WOOOOOSH! What a magnificently contrived and thoughtful work was TerraKulture’s new musical MOTHERLAND, which opened last night to a huge crowd in Victoria Island Lagos. It was a memorable experience of ‘truth theatre’ channeling the voices and vices contending for the future of Nigeria. The profiles of contention are sketched in high relief of history, histrionics, humour, and melody. The voices of youth versus the voices of tradition and history. The generational chasm brimming with the blame game of who destroyed Nigeria. And of course, we weave through the vices of Nigeria – corruption, ethnicity, and nepotism as well-sustained across generations of leadership, civilian and military. It is a heady mix.
That MOTHERLAND professes ‘love’ as the answer is almost a melodramatic contention until you break it into its molecular parts. Love a personal responsibility to offer a space to understand and embrace our differences, not exploit them. Love a personal responsibility to our nation-state, to believe in its possibilities enough to serve it, ethically. And love enough to insist that change is possible and that the ‘voices’ of change are voices of revolution, not rebellion.

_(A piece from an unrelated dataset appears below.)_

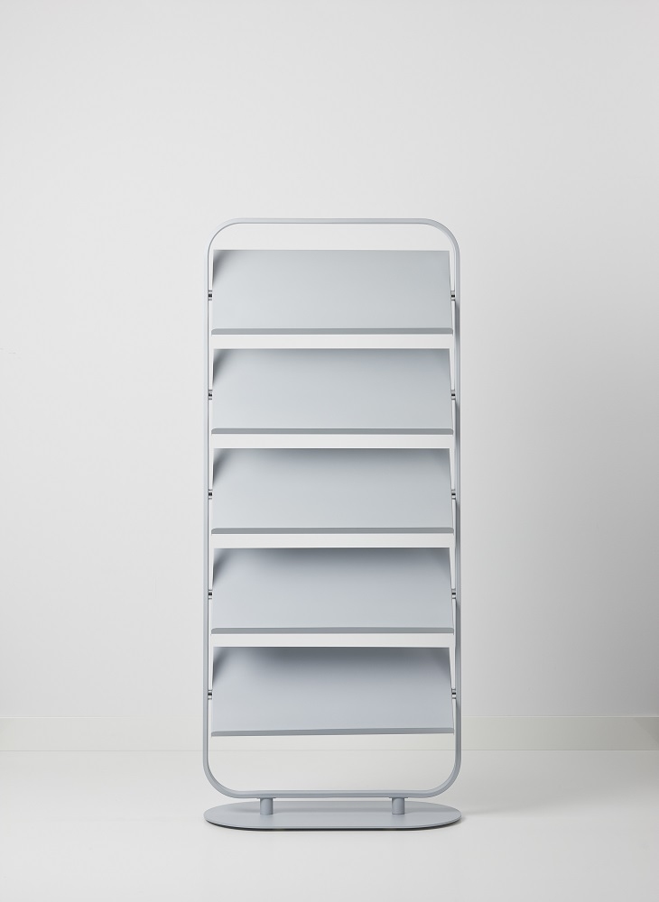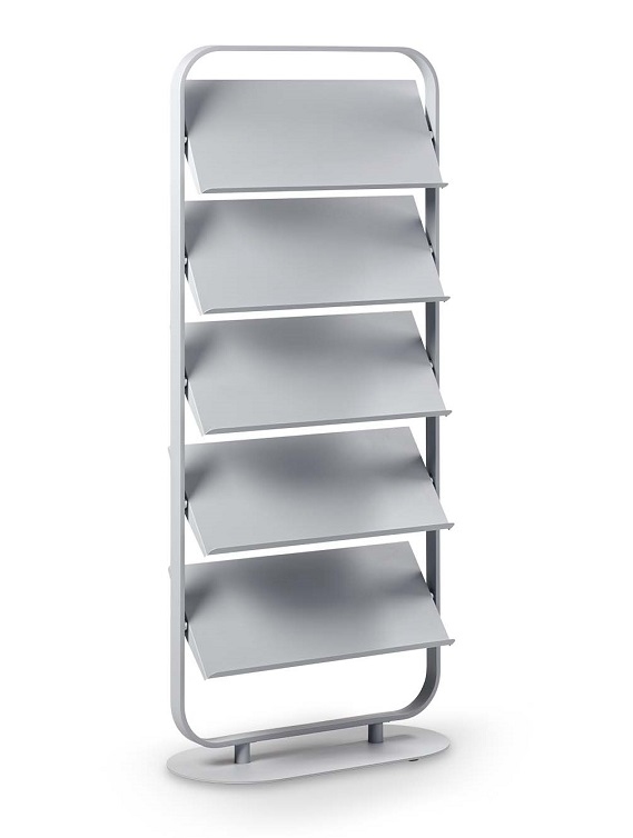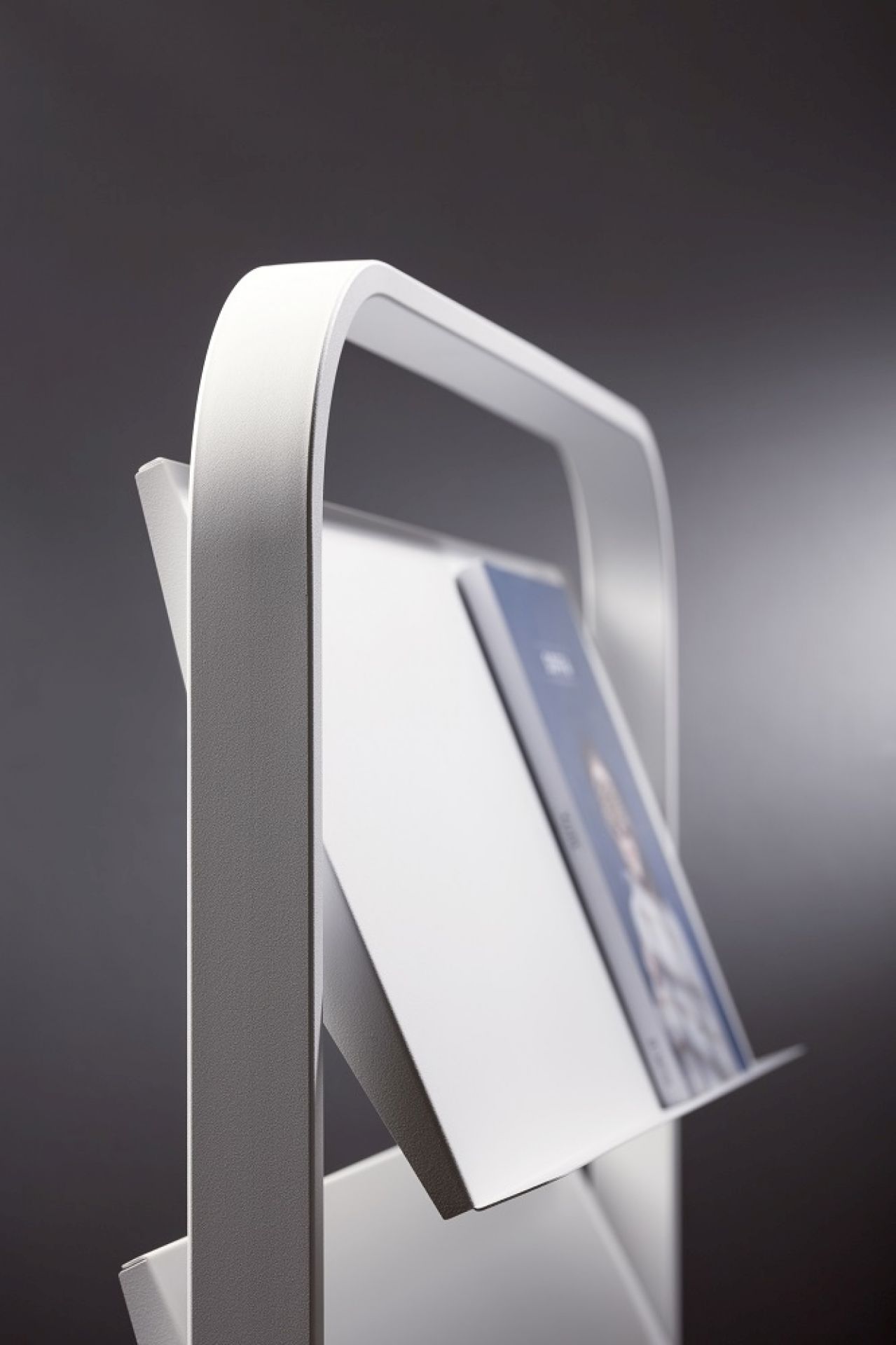 Der Focus Prospekthalter von Cascando ist durch seine abgerundete Form gekennzeichnet, die ihn sanft in die Umgebung einfügt. Er hat Regalböden, die je nach Wahl horizontal oder schräg montiert werden können und so ansprechenden Platz für Broschüren oder Bücher gleichermaßen bieten.

The biggest triumph of MOTHERLAND for me is that it weaves this narrative through the lens of history only as context. The story is really the very present choice we face as we decide our nation’s future in the coming elections. It’s a narrative that does more than virtue signaling, it questions the urgency and capacity of our generation of social media warriors to own their place in history by active participation and engagement in the development of the country and in the democratic process.
Without fail, Bolanle Austin-Peters once again delivers a magical cocktail of dance and music, gorgeous production design and theatre entertainment of high excellence. And she really triumphs with a narrative tour-de-force that will provoke very deep introspection from everyone lucky enough to see it.